Target Pistols and Target Shooters Part 3 Part 2 Part 1

Shooting the Air Venturi V10

By Dennis Adler

The Air Venturi V10 is absolutely capable of being used in entry level 10-Meter ISSF sanctioned shooting events. The grip design is based on 10-Meter styles although it is somewhat unique in its rough wood grained finish. This gives you superb grasp but rough edges need to be smoothed out for a comfortable grip by using a wood rasp. In this shot I have already adjusted the contour where my middle finger rests behind the triggerguard.

You can spend a lot of money for a 10-Meter pre-charged pneumatic (PCP) competition pistol like a Morini MOR-162MI (one of the most expensive with an MSRP of $1,900), a Hammerli AP20 PRO (one of the more affordable at just under $1,000) or a Walther LP400 (around $1,700), and they won’t feel much different in your hand than the Air Venturi V10 single shot pneumatic.

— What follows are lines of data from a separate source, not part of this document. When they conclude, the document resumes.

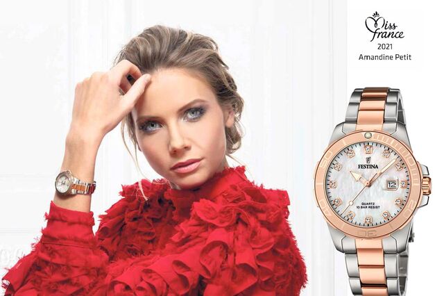 A marca levou, também, o estilo ao mercado feminino, demonstrando que uma imagem desportiva não é, de todo, incompatível com elegância. Cada vez mais presente neste segmento, a Festina tornou-se o relógio oficial da Miss France. Fortemente ligada ao mercado francês, o país escolhido não podia ser senão um ícone da moda e do design que simboliza tudo o que a marca representa.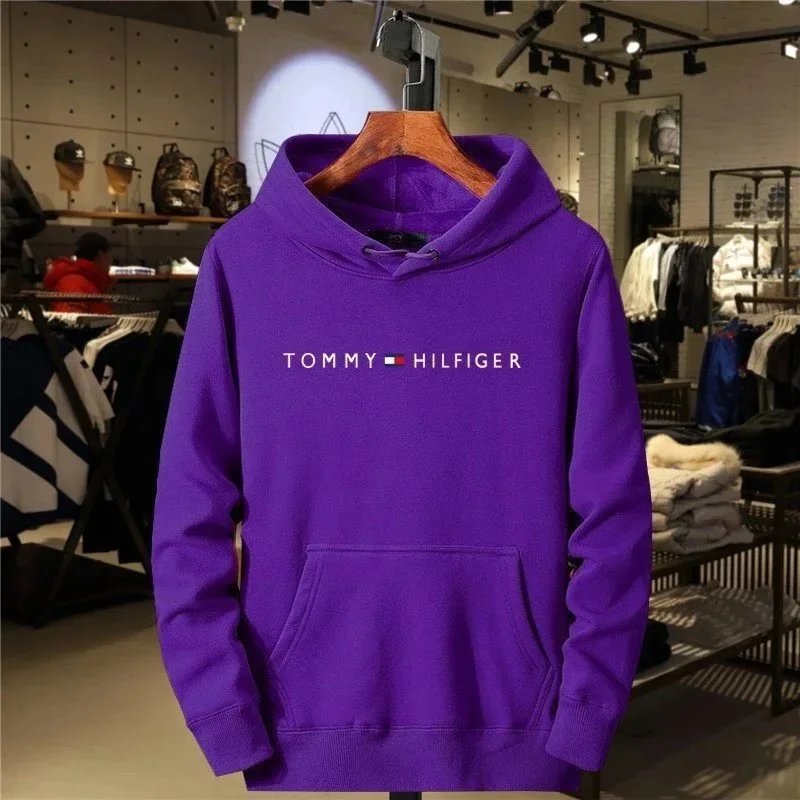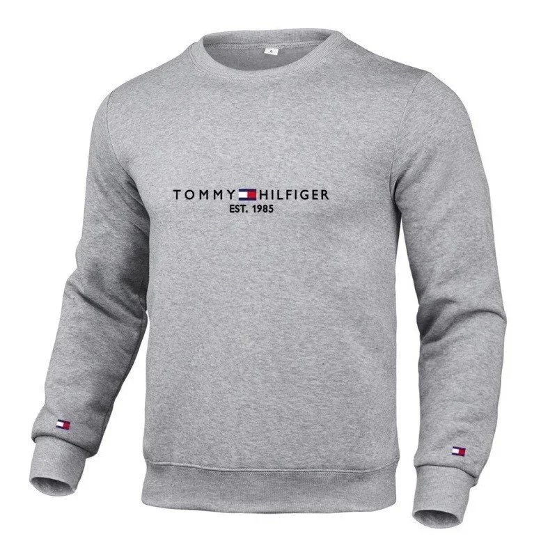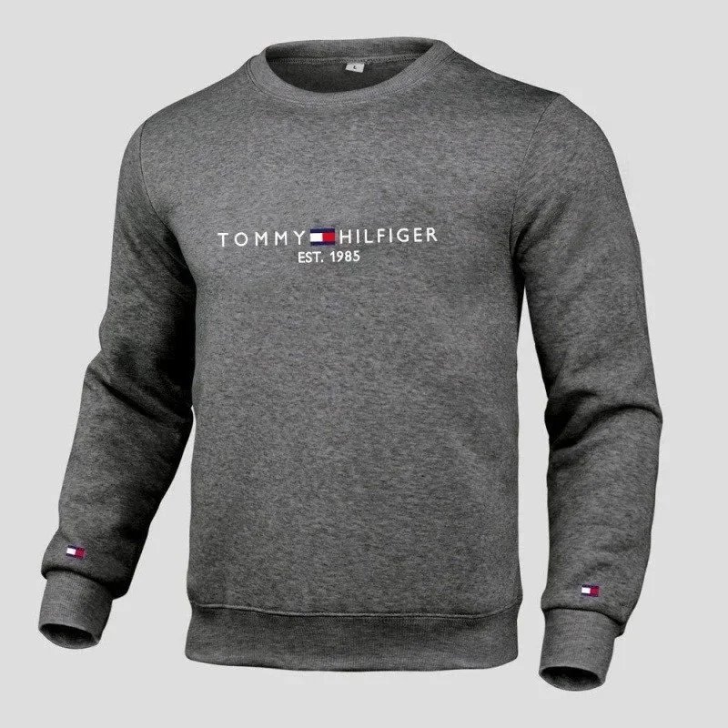 Dark gray Tommy Hilfiger hooded sweatshirt featuring the iconic logo across the chest. Designed for comfortable everyday wear in a modern retail setting.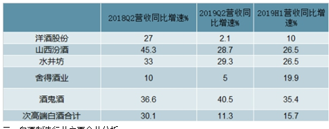 2019年上半年白酒上市公司營收、凈利潤分別增19.4%、25.6%,分別超食品飲料上市公司營收、凈利5.8個(gè)百分點(diǎn)、4.3個(gè)百分點(diǎn),在食品飲料主要子行業(yè)中營收增速最快。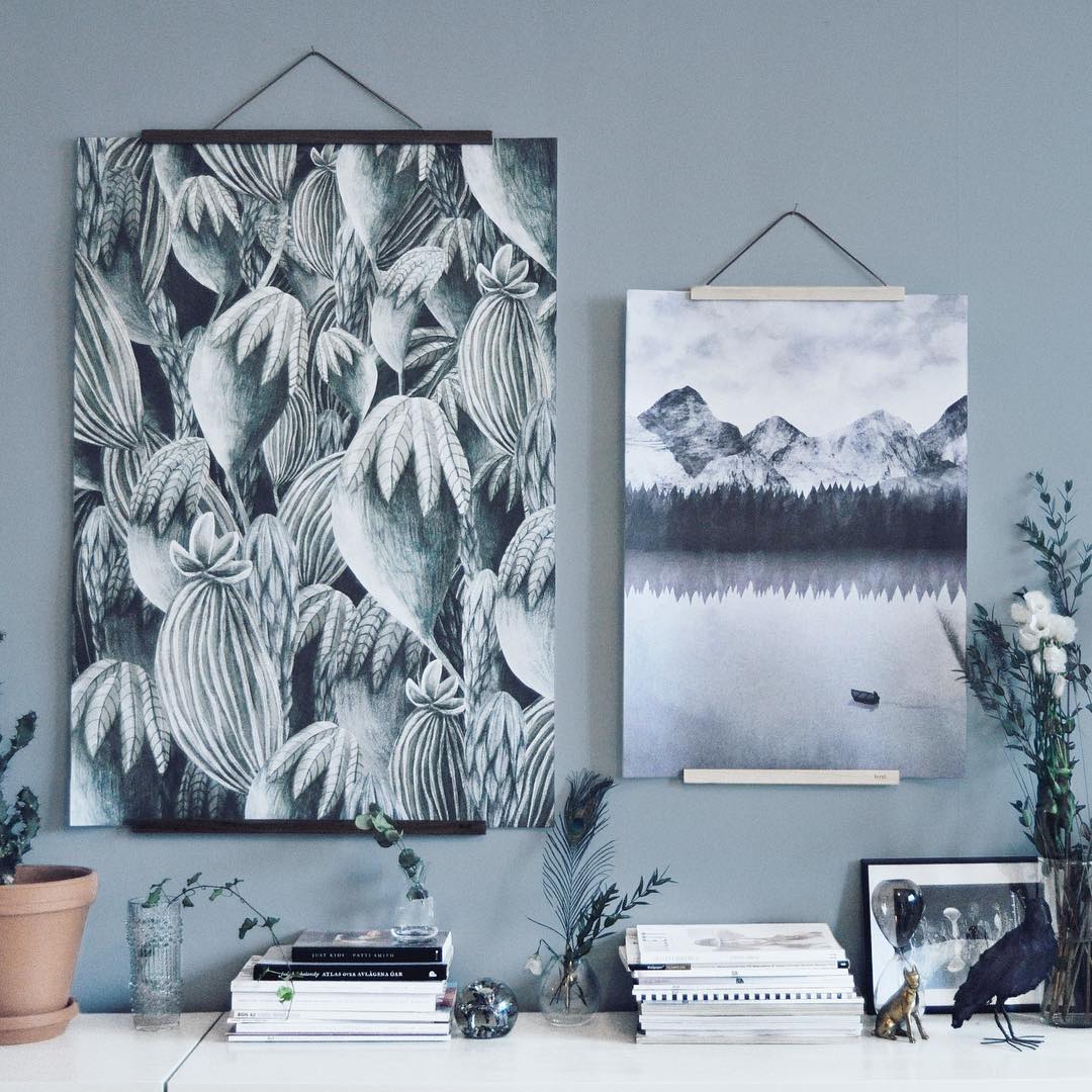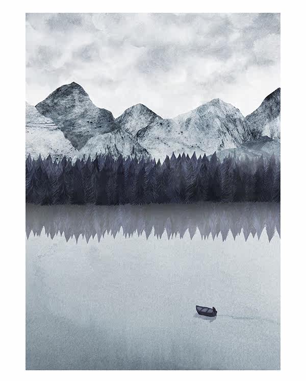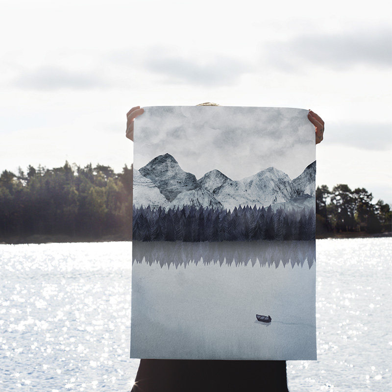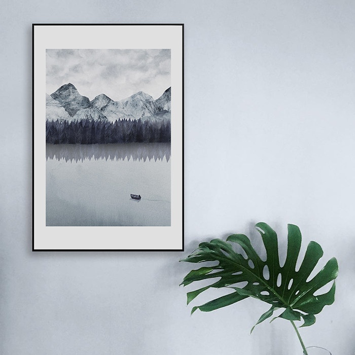 CoolerColour Nordic signed illustrator works snow mountain lake water decorative painting poster art

A 10-Meter air pistol is built to a competition standard with mandatory grip designs and a generally similar configuration. Most PCP models look very much the same, as do modern single stroke pneumatics like the Air Venturi V10. The differences are speed and accuracy. A PCP pistol is faster to shoot, a single shot pneumatic slower, but the V10 is definitely competitive at the entry level, and at under $300 you can afford to get into training, even if you never intend to get into competitive shooting. (This also opens the door to Match Pistols, which I will begin covering in Part 4).

Loading is part of the two-step process in pumping up the cylinder. Once the barrel assembly is released it is moved up and forward from the frame. At this point you can load a 4.5mm pellet into the barrel breech. The barrel is shown with a Meisterkugeln lead wadcutter inserted. You can just see the rim of the pellet at the back of the barrel.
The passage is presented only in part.